Substituting Equation (9) into Equation (10), and solving Equation (10), the relationship between the stress and the normal strain yields Equation (11).

$$\sigma =\frac{\left(E_t+E_s\right)\cos \theta }{1-{\epsilon }_n},{\epsilon }_n=\frac{\sigma \cos \theta }{E_n}$$

(11)

From Equation (11), an apparently stable path for the confined force chain could be achieved when the force chain structure keeps straight from the beginning of loading, which corresponds to

$$\sigma =E_n{\epsilon }_n$$

(12)

Solving Equation (11), $\sigma$, ${\epsilon }_n$ and $\epsilon$ could be obtained, which yields

$$\sigma =\frac{E_n}{2\cos \theta }\left(1-\sqrt{1-4\cos \theta \frac{\left(E_t+E_s\right)}{E_n}}\right)$$

(13)

$${\epsilon }_n=\frac{1}{2}\left(1-\sqrt{1-4\cos \theta \frac{\left(E_t+E_s\right)}{E_n}}\right)$$

(14)

$$\epsilon =1-\frac{1}{2}\left(1+\sqrt{1-4\cos \theta \frac{\left(E_t+E_s\right)}{E_n}}\right)\cos \theta$$

(15)

Another stable path could be acquired when $\theta$ is zero and this critical point with the stress and strain of Equations (16) and (17) corresponds to a buckling load of the force chain system.

$${\sigma }_{cr}=\frac{E_n}{2}\left(1-\sqrt{1-4\frac{\left(E_t+E_s\right)}{E_n}}\right)$$

(16)

$${\epsilon }_{cr}={\epsilon }_n=\frac{1}{2}\left(1-\sqrt{1-4\frac{\left(E_t+E_s\right)}{E_n}}\right)$$

(17)

To conduct Taylor expansion for Equation (16) and Equation (17) at $E_t+E_s/E_n=0$, the results obtained are as follows.

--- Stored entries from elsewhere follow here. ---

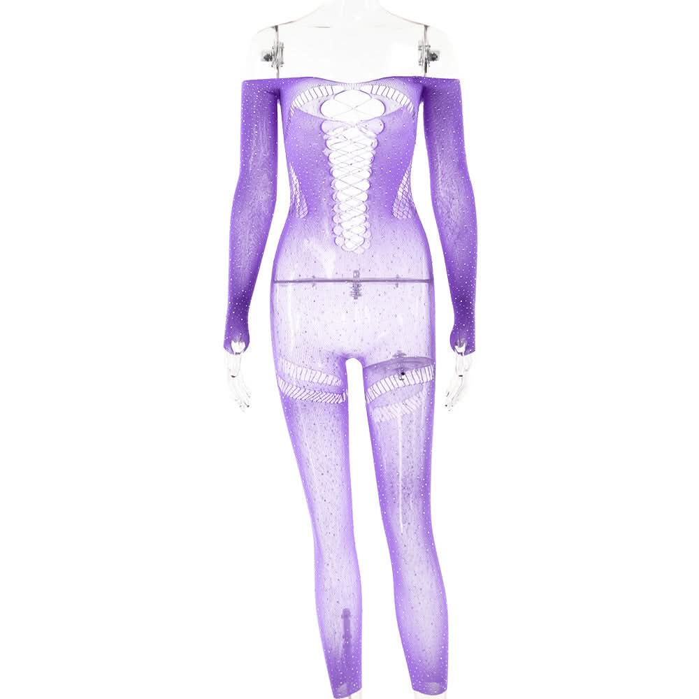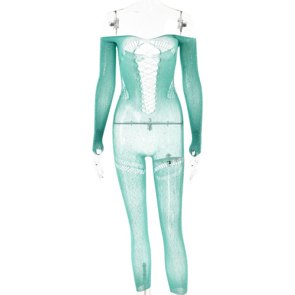 Off shoulder long sleeve beaded hollow out jumpsuit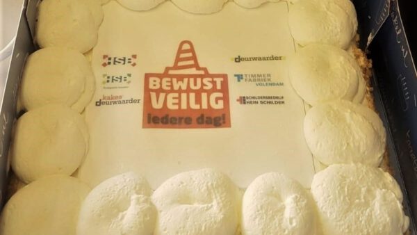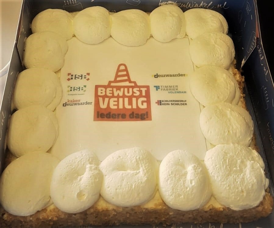 Na het serieuze gedeelte, een Toolbox-meeting en een individuele werkplekinspectie, werd deze “Bewust Veilig dag” afgesloten met koffie en een stuk “Bewust Veilig taart”.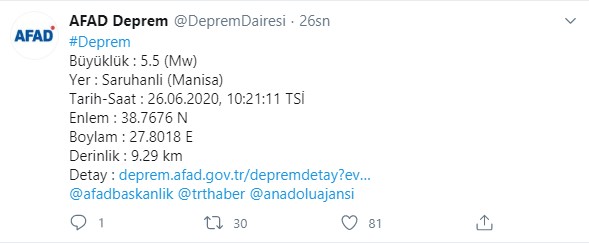 AFAD'ın geçtiği son dakika bilgilerine göre, saat 10.21'de merkez üssü Manisa'nın Saruhanlı ilçesi olan 5,5 büyüklüğünde deprem meydana geldiğini bildirdi.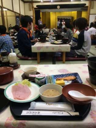 朝会から直行で朝食です。しっかり食べて、ハイキングに備えます。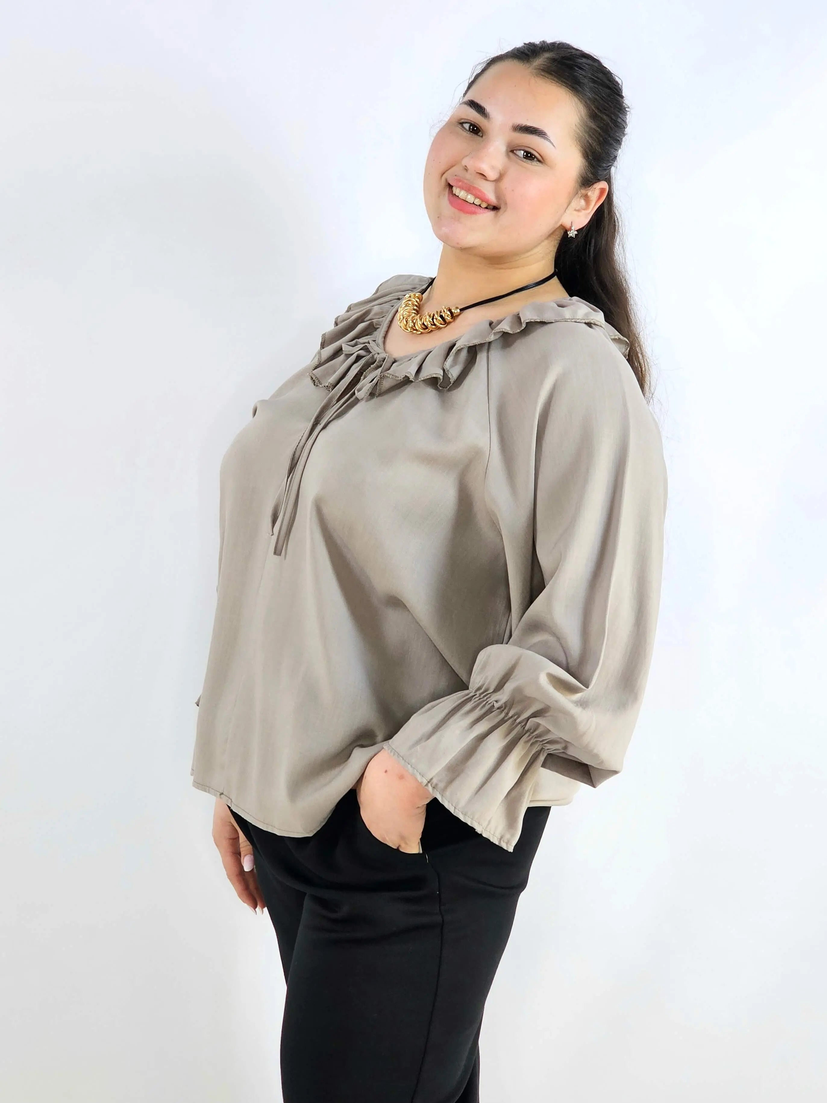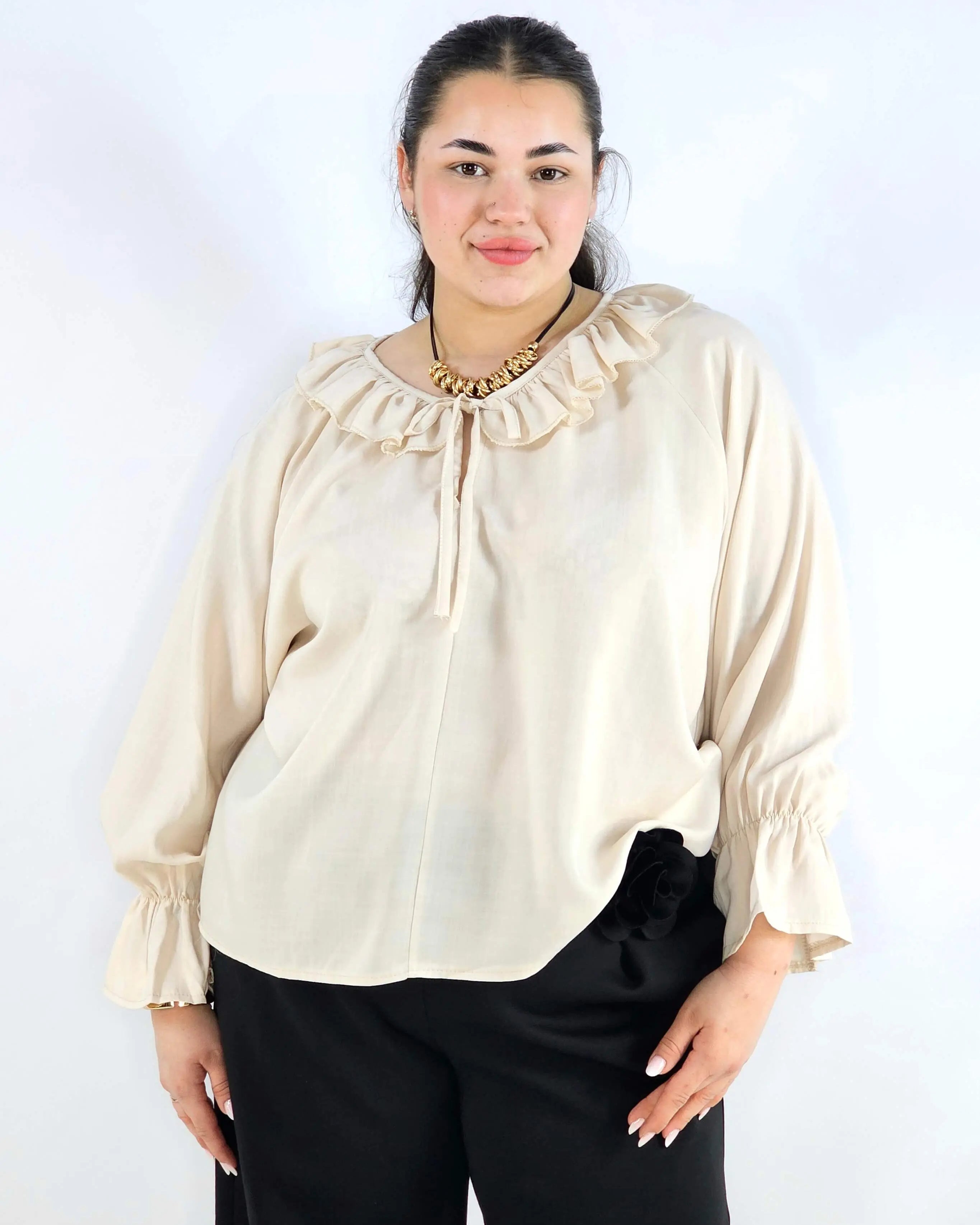 Bluzka plus size z falbaną – romantyczna elegancja w lekkim wydaniu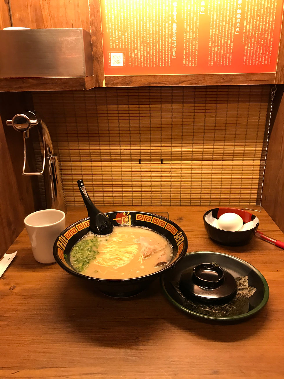 Bien connu, Ichiran Ramen vous propose une seule sorte de ramen, le Tonkotsu ramen. Vous pouvez y ajouter des suppléments tel que du seaweed, un oeuf (btw best oeuf ever), etc. Ce restaurant est particulier car c'est un restaurant cabine. C'est à dire que vous mangez seul face à un comptoir. Vous ne voyez pas vraiment votre voisin car tout est séparé par des petites planches en bois. C'est assez particulier mais c'est une chouette expérience. De plus, vous ne voyez pas les serveurs.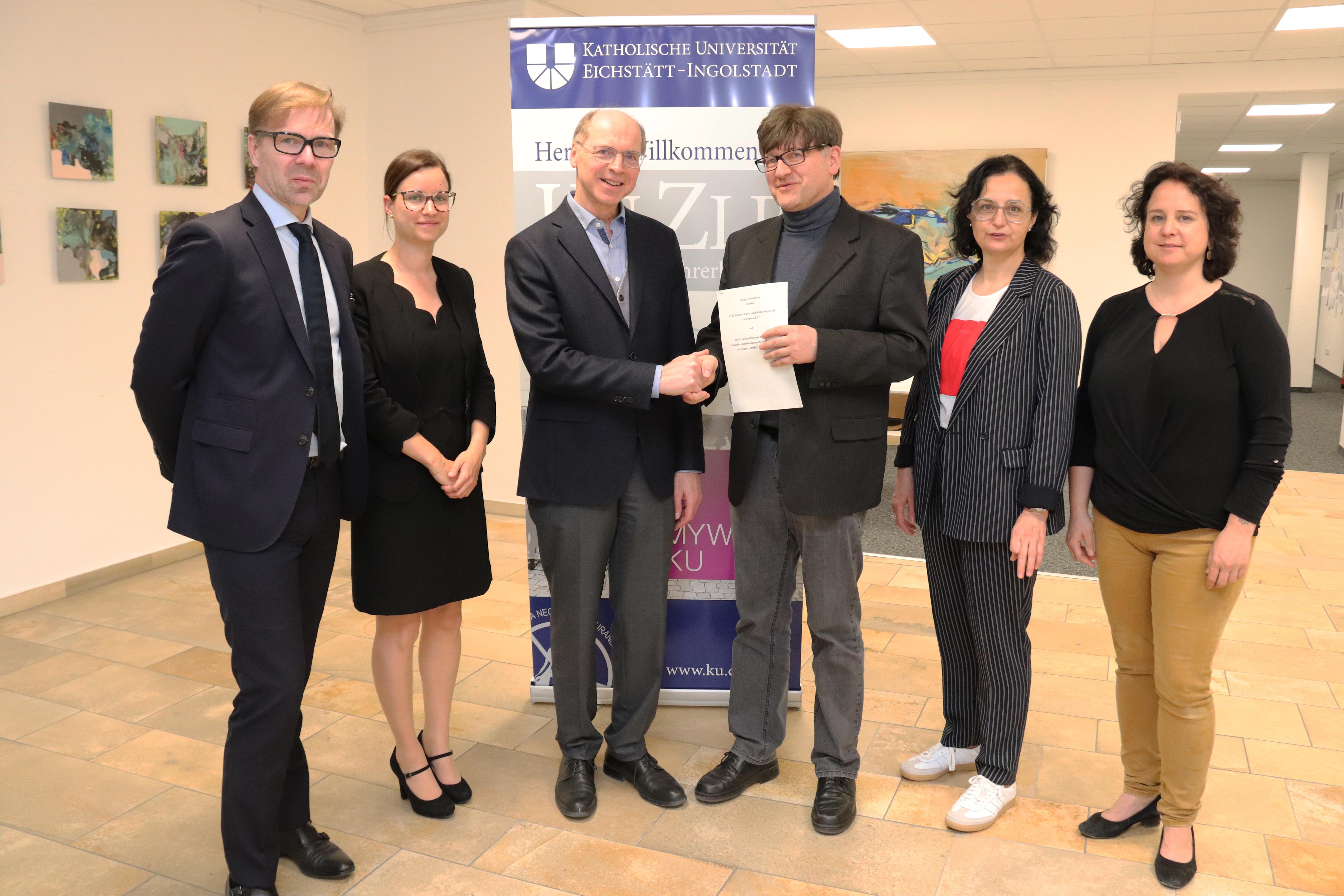 (v.l.) Im Beisein von Prof. Dr. Rainer Wenrich (Leiter des Zentrums für Lehrerbildung an der KU) und ZLB-Geschäftsführerin Laura Weglehner-Motz überreichte KU-Vizepräsident Prof. Dr. Markus Eham an Erich Winter, den Leiter der FOS/BOS Ingolstadt, die zudem von der stellvertretenden Schulleiterin Maria Heller und Kathrin Bührle (Leitung der Hochschulkooperation) repräsentiert wurde. (Foto: Schulte Strathaus/upd)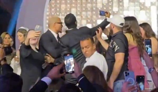 ويظهر الشاب في الفيديو وهو يحاول التقاط صورة "سيلفي" مع دياب، قبل أن ينفعل الأخير ويصفعه بشكل مفاجئ على وجهه أمام الحضور، قبل أن يتدخل الأمن ويبعد الشاب.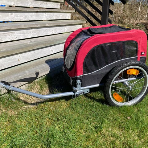 Trollkärran knappt använd, lättrullad, öppningsbar på kortsidorna och taket, fästet till cykel medföljer
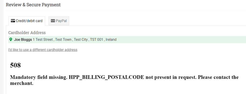 However, we have not tested these for every different live environment scenario (e.g. orders from foreign countries, etc) and the user could be shown an error like the following on the checkout screen which will not make too much sense for them in that they may not be able to understand that they have to click “I’d like to use a different cardholder address” and then enter a post-code. So please look out for these issues reported by customers and send them through to the Help Desk for us to try and fix them. Our approach for fixes to these scenarios is to try and catch these validation errors earlier in the checkout process when they are being entered by the user.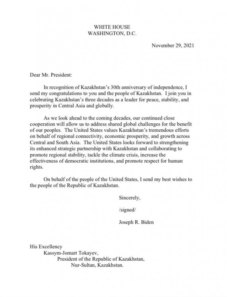 "Я присоединяюсь к вам в праздновании 30-летия Казахстана как лидера за мир, стабильность и процветание в Центральной Азии и в мире", - отметил американский лидер в письме Президенту Казахстана.
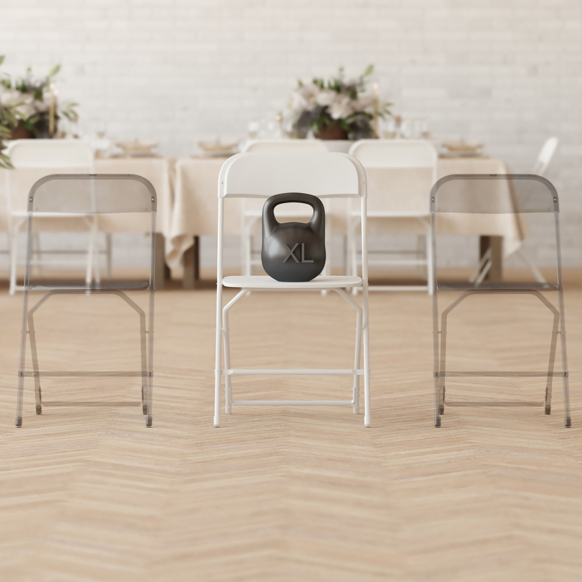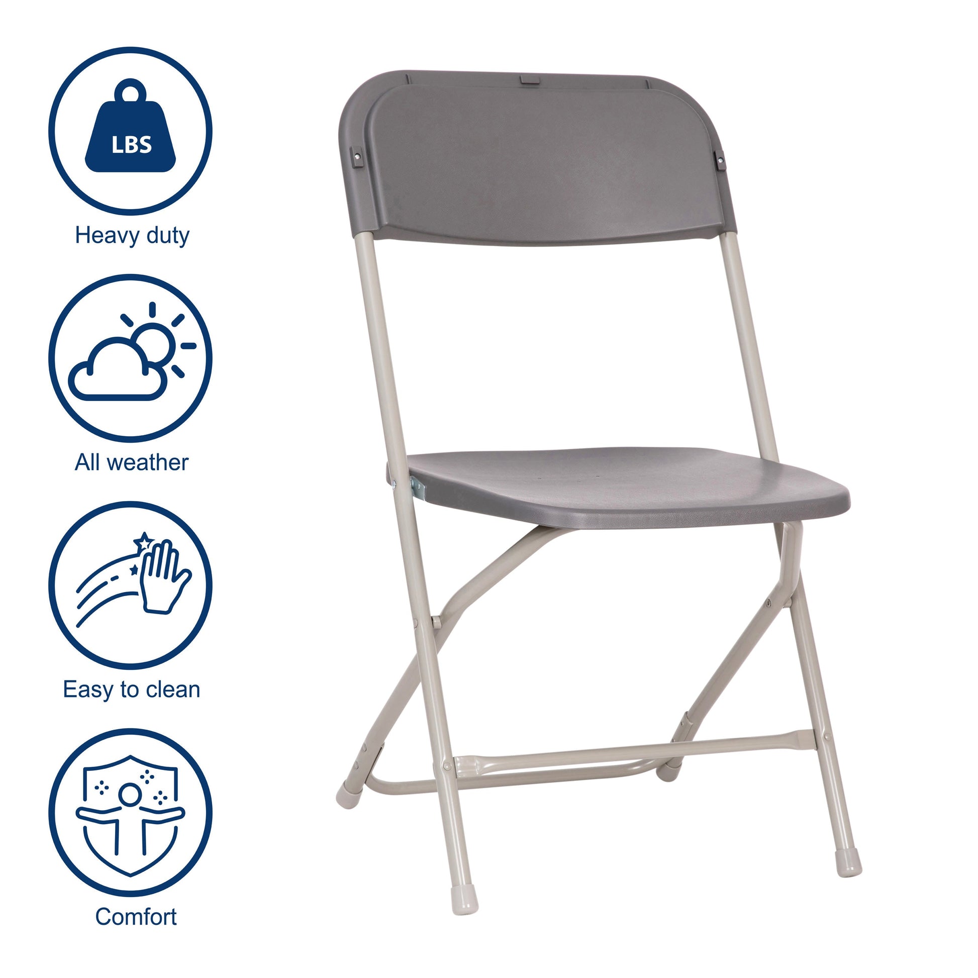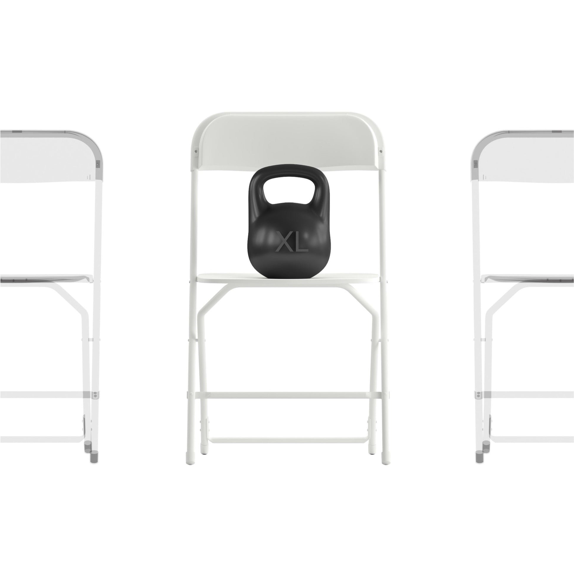 Durably constructed and built to last, the reinforced steel frame along with the high impact plastic back and seat hold up to 650 lbs. static weight while non-marring floor caps protect your indoor flooring surfaces from scuffs and scrapes. The nesting design allows you to stack these party and event chairs up to 50 high from the floor or can be paired with our chair dolly for convenient storage and transport. With a variety of color options, this high capacity foldable chair is ideal for weddings, school functions, barbecues, game night, and catering events.

$${\epsilon }_{cr}=\frac{1}{2}\left(1-\sqrt{1-4\frac{\left(E_t+E_s\right)}{E_n}}\right)\approx \frac{E_t+E_s}{E_n}$$

(18)

$${\sigma }_{cr}=E_n{\epsilon }_{cr}\approx E_t+E_s$$

(19)

As easily seen from Equation (19), a mixed-mode of shearing ($E_t$) and constraint ($E_s$) is included in the critical load, which means that the critical compressive load of the meso-element is attributed to the meso-element itself and the surrounding materials. With the framework of hardness theory, the hardness value $H$ is the pressure at a limiting condition where the pressure keeps constant with increasing load [28]. Meanwhile, for indentation on cement paste, there is also a mixed fracture mode by cutting and hydrostatic pressure under the indenter at the limiting state [11]. Based on the statement above, the indentation hardness could be equivalent to the constrained compressive strength ${\sigma }_{\mathrm{c}}$ of the meso-element confined by the surrounding material around the indenter:

$${\sigma }_{\mathrm{c}}={\sigma }_{cr}\approx E_t+E_s=H$$

(20)

3.1.2. Constrained SFS

Over decades, researchers have investigated the relationship between the strength and the micro-hardness, with the conclusion that for cementitious materials (frictional materials), the hardness and the yield stress relationship of the form H/Y were reported on the order of 20–30 [29]. Similarly, in Ref. [11], the ratio was found to be 2.7–3 more order of magnitude than that of metals, which was in the range of 30–60. As known from early on, the ratio of metal discussed above, named “the constraint factor”, was evidently less than that of cementitious materials, due to the frictional effect on the hardness within the cohesive-frictional materials.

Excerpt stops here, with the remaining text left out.